BRIEF: Find the line with "El análisis documental" in the entries below, then output every line from it down to the line with "2022年1月24日,泰國越", exactly and with no pictures.

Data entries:
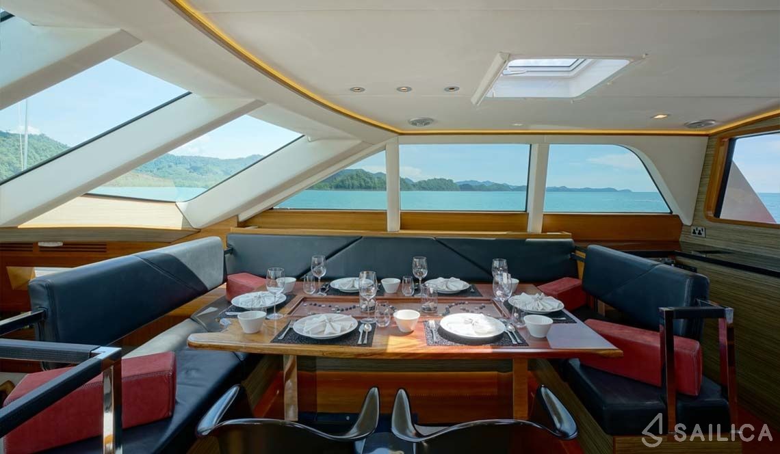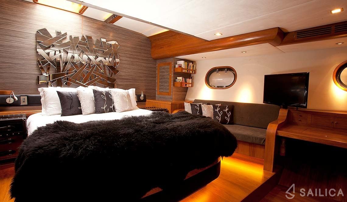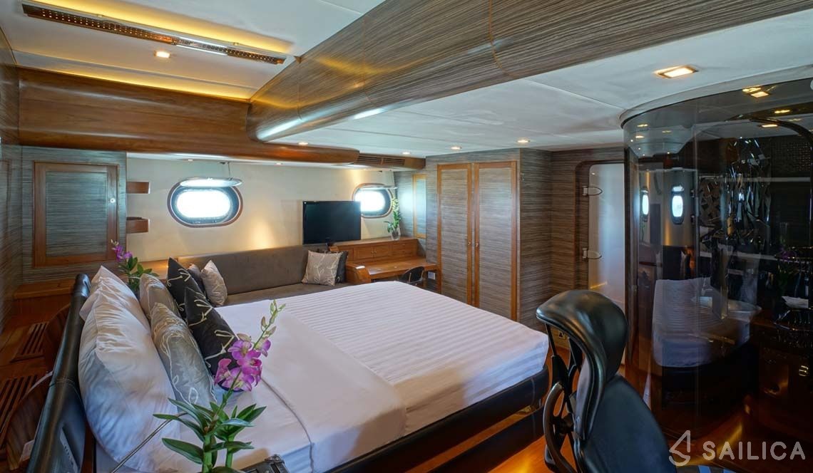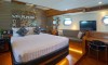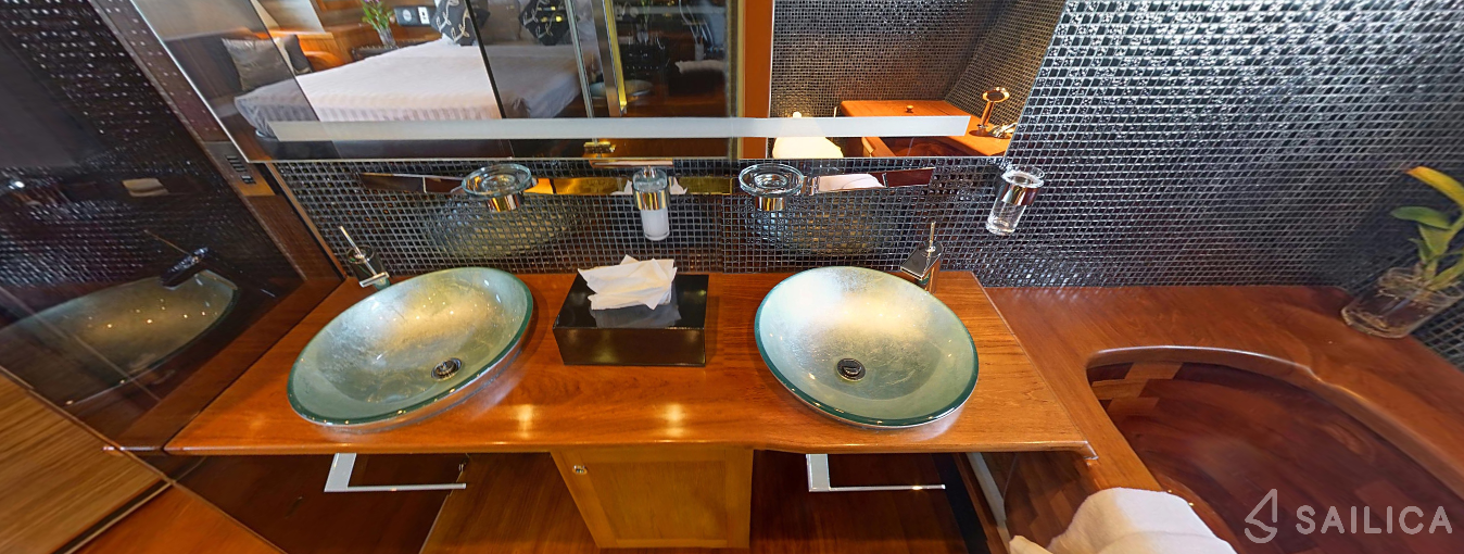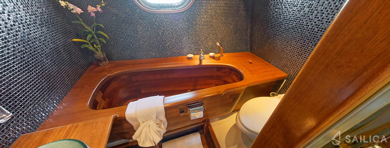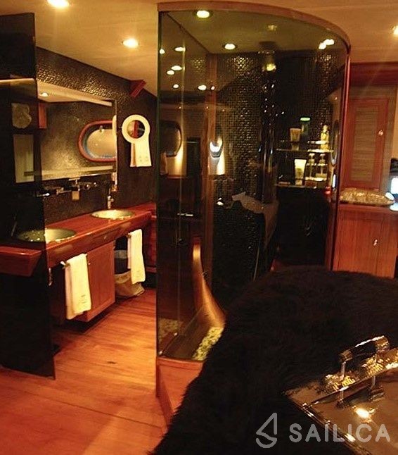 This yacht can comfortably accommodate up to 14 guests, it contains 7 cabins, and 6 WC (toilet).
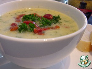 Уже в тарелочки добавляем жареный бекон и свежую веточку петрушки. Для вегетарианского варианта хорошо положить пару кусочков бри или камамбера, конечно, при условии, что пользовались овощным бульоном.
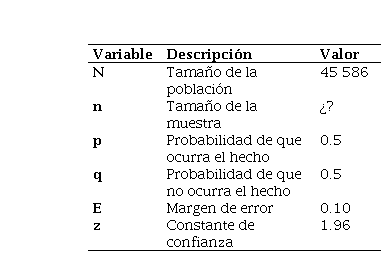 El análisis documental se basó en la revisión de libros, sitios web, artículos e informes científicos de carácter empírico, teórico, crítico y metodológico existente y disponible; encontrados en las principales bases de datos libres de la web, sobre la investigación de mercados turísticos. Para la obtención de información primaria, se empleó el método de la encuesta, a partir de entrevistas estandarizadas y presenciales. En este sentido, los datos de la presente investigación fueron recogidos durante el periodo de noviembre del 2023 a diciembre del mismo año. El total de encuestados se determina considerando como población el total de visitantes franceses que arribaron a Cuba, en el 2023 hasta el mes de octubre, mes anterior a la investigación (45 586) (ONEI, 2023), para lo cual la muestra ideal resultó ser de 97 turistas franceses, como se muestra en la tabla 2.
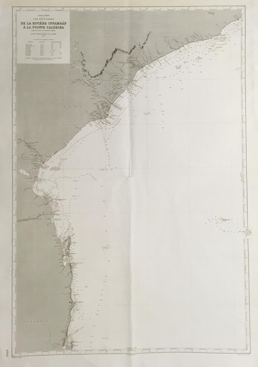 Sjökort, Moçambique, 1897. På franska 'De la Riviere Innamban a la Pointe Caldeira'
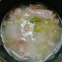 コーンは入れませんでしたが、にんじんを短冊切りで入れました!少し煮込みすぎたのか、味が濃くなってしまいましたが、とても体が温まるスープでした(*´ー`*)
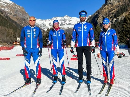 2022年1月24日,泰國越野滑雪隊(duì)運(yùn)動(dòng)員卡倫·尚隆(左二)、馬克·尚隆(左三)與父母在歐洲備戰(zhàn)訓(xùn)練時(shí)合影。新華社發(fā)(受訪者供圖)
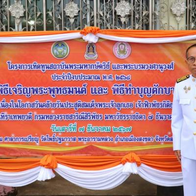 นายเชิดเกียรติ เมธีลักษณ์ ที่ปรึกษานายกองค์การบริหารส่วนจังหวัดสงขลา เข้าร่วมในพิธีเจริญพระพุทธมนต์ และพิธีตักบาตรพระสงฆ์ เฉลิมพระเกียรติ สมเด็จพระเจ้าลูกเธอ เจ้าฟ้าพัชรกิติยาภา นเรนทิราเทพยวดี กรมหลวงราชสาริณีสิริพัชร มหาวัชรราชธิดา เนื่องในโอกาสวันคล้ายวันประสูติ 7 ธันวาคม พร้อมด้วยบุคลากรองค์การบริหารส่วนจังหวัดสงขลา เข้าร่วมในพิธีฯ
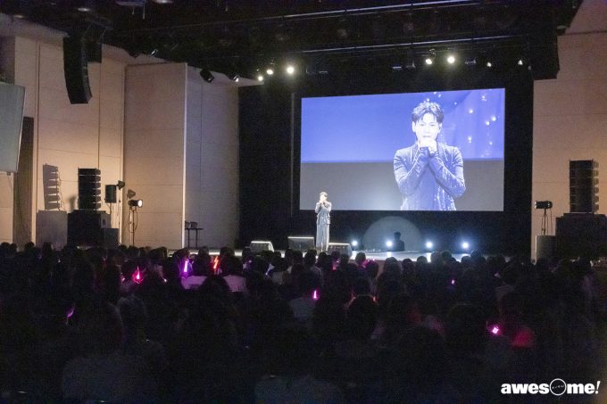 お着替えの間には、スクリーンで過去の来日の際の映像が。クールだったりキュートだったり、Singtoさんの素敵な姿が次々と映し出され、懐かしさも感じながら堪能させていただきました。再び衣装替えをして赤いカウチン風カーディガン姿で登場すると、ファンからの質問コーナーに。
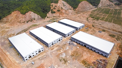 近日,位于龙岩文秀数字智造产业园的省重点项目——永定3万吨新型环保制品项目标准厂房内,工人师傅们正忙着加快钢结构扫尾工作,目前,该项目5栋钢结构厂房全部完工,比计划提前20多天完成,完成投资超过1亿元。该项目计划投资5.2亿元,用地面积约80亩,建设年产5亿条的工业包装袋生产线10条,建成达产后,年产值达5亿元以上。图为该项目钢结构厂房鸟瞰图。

EXERCISE ANSWER:
 El análisis documental se basó en la revisión de libros, sitios web, artículos e informes científicos de carácter empírico, teórico, crítico y metodológico existente y disponible; encontrados en las principales bases de datos libres de la web, sobre la investigación de mercados turísticos. Para la obtención de información primaria, se empleó el método de la encuesta, a partir de entrevistas estandarizadas y presenciales. En este sentido, los datos de la presente investigación fueron recogidos durante el periodo de noviembre del 2023 a diciembre del mismo año. El total de encuestados se determina considerando como población el total de visitantes franceses que arribaron a Cuba, en el 2023 hasta el mes de octubre, mes anterior a la investigación (45 586) (ONEI, 2023), para lo cual la muestra ideal resultó ser de 97 turistas franceses, como se muestra en la tabla 2.
 Sjökort, Moçambique, 1897. På franska 'De la Riviere Innamban a la Pointe Caldeira'
 コーンは入れませんでしたが、にんじんを短冊切りで入れました!少し煮込みすぎたのか、味が濃くなってしまいましたが、とても体が温まるスープでした(*´ー`*)
 2022年1月24日,泰國越野滑雪隊(duì)運(yùn)動(dòng)員卡倫·尚隆(左二)、馬克·尚隆(左三)與父母在歐洲備戰(zhàn)訓(xùn)練時(shí)合影。新華社發(fā)(受訪者供圖)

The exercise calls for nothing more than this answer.